EXERCISE DETAILS: Take the line containing "عمان الأهلية الأولى" and every line after it to the end of the records, and copy them exactly, leaving out pictures.

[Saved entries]

↓↓↓

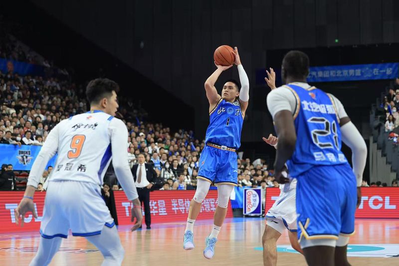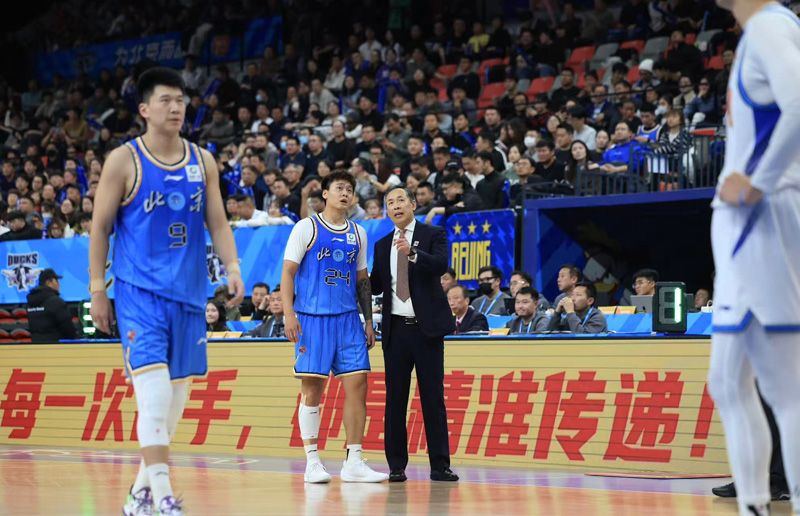 12月15日,CBA常規(guī)賽,北京北汽主場(chǎng)迎戰(zhàn)新疆伊力特。最終,北京北汽以111比84的懸殊比分大勝對(duì)手。圖為主教練向首次在主場(chǎng)亮相的趙睿布置戰(zhàn)術(shù)。
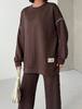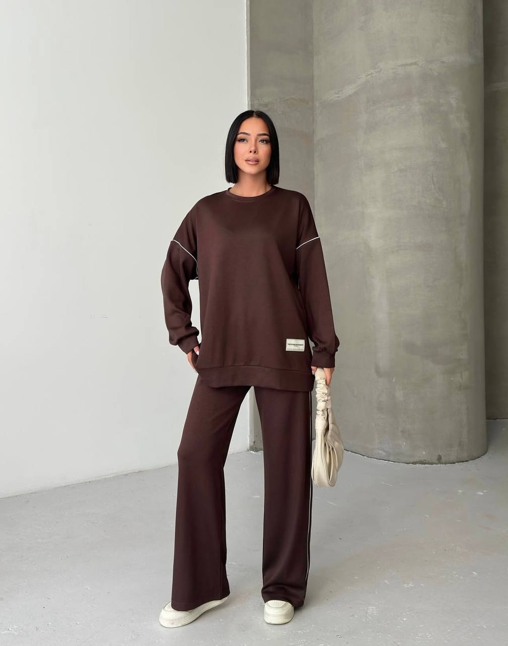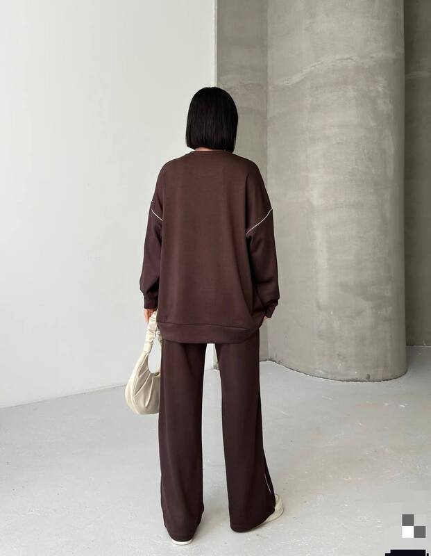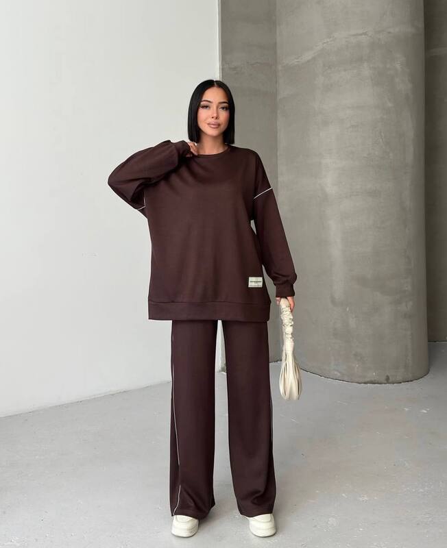 Костюм декорований нашивкою та кантом. Штани мають високу посадку, пояс на резинці
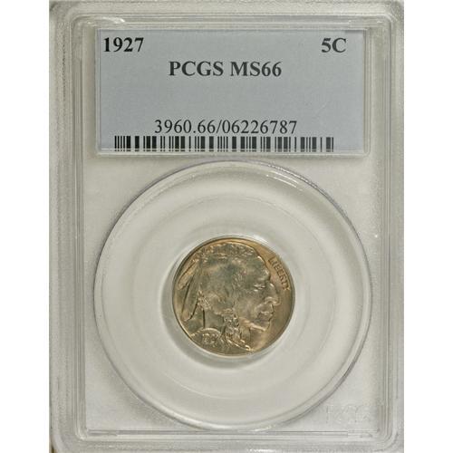 <B>1927 5C MS66 PCGS.</B></I> PCGS Population (238/5). NGC Census: (66/8). Mintage: 37,981,000. Numismedia Wsl. Price: $610. (#3960)<BR><BR><b>Shipping:</b> Coins & Currency (<a target="_blank" href="http://www.heritageauctions.com/common/shipping.php">view shipping information</a>)
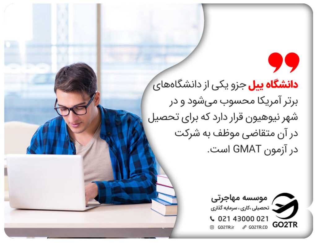 دانشگاه ییل جزو یکی از دانشگاههای برتر آمریکا محسوب میشود و در شهر نیوهیون قرار دارد. نیوهیون شهری در ایالات نیوانگلند آمریکا است. این دانشگاه قدمت بسیار بالایی دارد. افراد مشهوری در دنیا همچون؛ بیل کلینتون، جان کری، جورج بوش و… در آن تحصیل کرده اند. یکی از دانشکدههای معروف این دانشگاه، دانشکدهی کسب و کار و تجارت است؛ که هدف خود را «آموزش رهبران مشاغل و کسب و کار» اعلام کرده است. متقاضیان پذیرفته شدن در این دانشگاه علاوه برتهیهی سایرمدارک باید نمره ی مناسب در آزمون جی مت را کسب کنند.
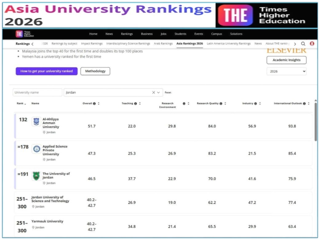 عمان الأهلية الأولى أردنياً و 132 قاريّاّ بتصنيف التايمز لجامعات آسيا 2026
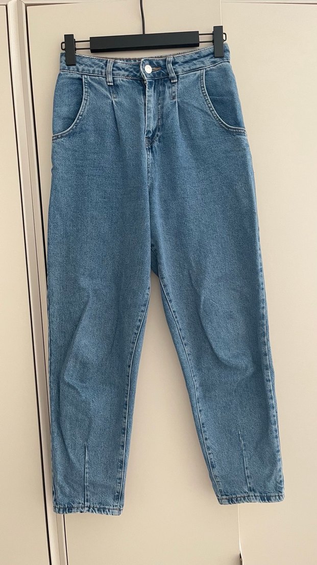 Kenar kısmında leke var Salaş kesim, midi boy mavi kot pantolon, gündelik kullanıma uygun, sade ve rahat bir şıklık sunar.
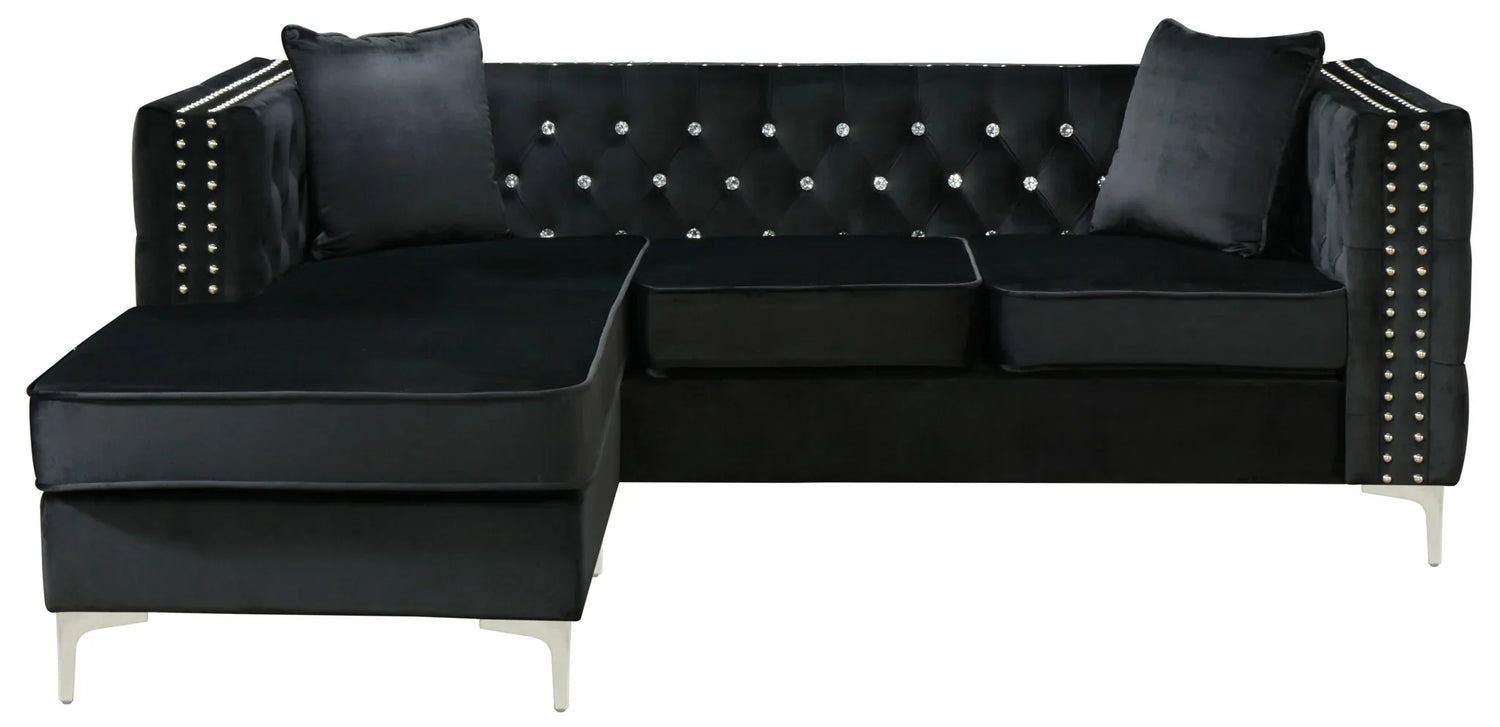 The Paige Sofa Chaise is designed for anyone who wants a statement seating piece that’s both elegant and livable — ideal for city apartments, cozy living rooms, or a stylish guest suite. Its low-profile chaise layout provides a relaxed spot for lounging or entertaining, while the tufted back and chromed steel legs bring a modern-glam vibe that anchors contemporary and transitional decor.

↑↑↑

ANSWER SECTION:
 عمان الأهلية الأولى أردنياً و 132 قاريّاّ بتصنيف التايمز لجامعات آسيا 2026
 Kenar kısmında leke var Salaş kesim, midi boy mavi kot pantolon, gündelik kullanıma uygun, sade ve rahat bir şıklık sunar.
 The Paige Sofa Chaise is designed for anyone who wants a statement seating piece that’s both elegant and livable — ideal for city apartments, cozy living rooms, or a stylish guest suite. Its low-profile chaise layout provides a relaxed spot for lounging or entertaining, while the tufted back and chromed steel legs bring a modern-glam vibe that anchors contemporary and transitional decor.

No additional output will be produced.